Poor Zacchaeus

I feel a bit sorry for Zacchaeus. He was from Jericho and a tax collector in Jesus’ time. It’s a bit like being a banker in our time. We might think of bankers as these people who don’t do much and yet still receive huge bonuses, but I’m sure there are some honourable bankers.

Many in Zacchaeus’ profession would have collected taxes for the Romans and taken some extra for themselves. Maybe if people struggled to pay, they made the fines really steep, increasing them on a daily basis. That’s what most people seem to think of Zacchaeus – that he was a liar and a cheat, but …

What if Zacchaeus was an honourable tax collector?

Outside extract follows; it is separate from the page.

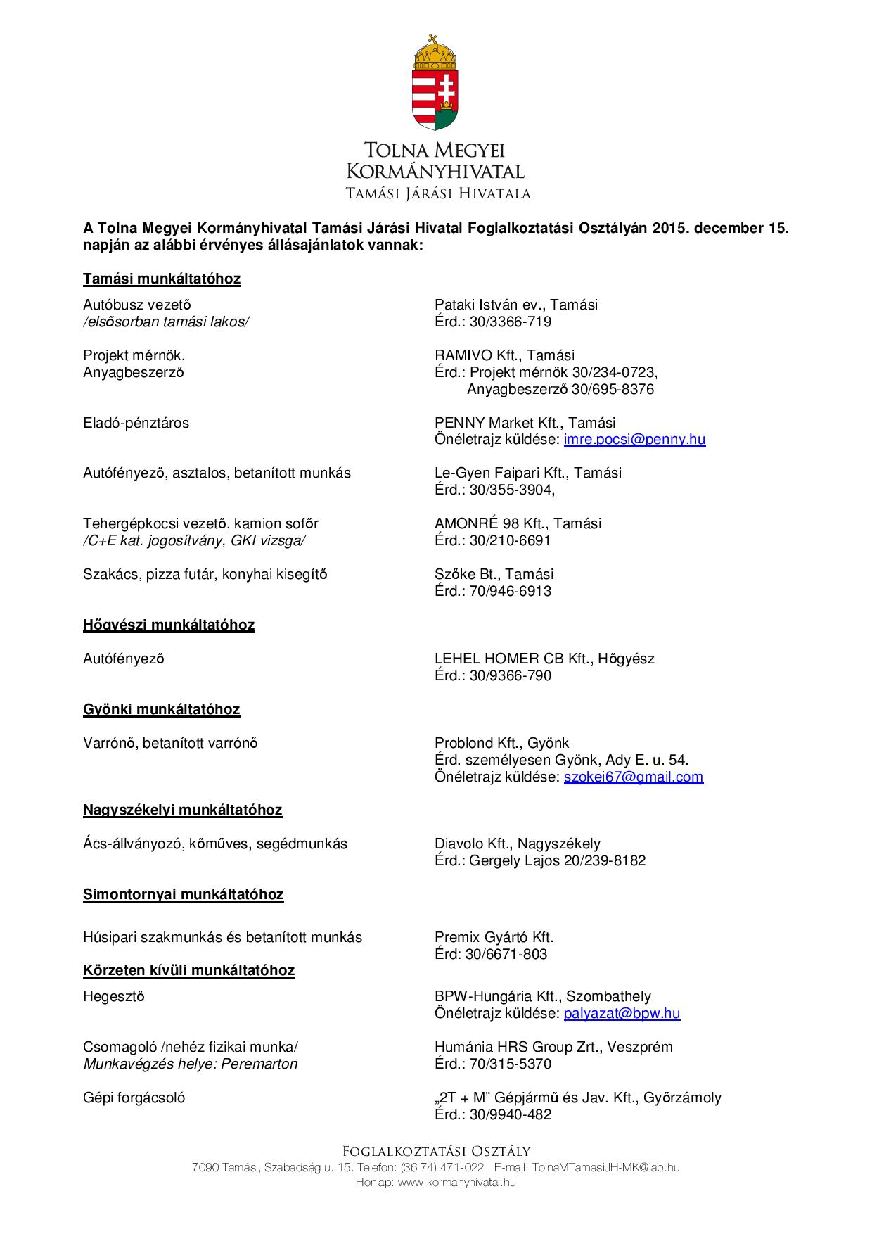 Tamási és környéke legfrissebb állásajánlatai
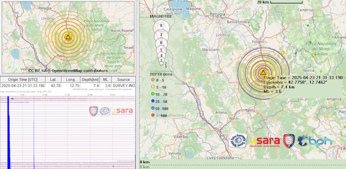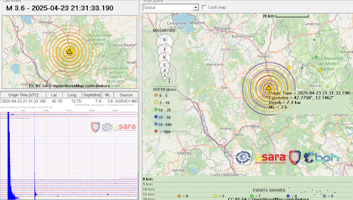 Una scossa di terremoto di magnitudo 3.6 è avvenuta alle ore 23.31.33 italiane nella zona Spoleto (PG)  in Umbria con ipocentro alla profondità di 7,4 km.

Have you heard his story? When Jesus came to Jericho, Zacchaeus was too short to see over the crowd’s heads, so he climbed a tree. Jesus stopped at the bottom of the tree and beckoned him to come down, inviting Himself to his house. Zacchaeus gladly welcomes Him and hearing the crowd’s complaints, he stands there and says: “I will give half of my possessions to the poor. And if I have cheated anyone, I will pay back four times more” (Luke 19:8).

If I have cheated anyone.

Poor Zacchaeus. All these people, even thousands of years later, thinking he lived his pre-Jesus life as a liar and a cheat, but we don’t know for sure. We know he was wealthy (Luke 19:2), but perhaps he was wealthy simply because of the salary the Romans gave him. Either way, his encounter with Jesus filled him with generosity. How many of us would give half our possessions to the poor?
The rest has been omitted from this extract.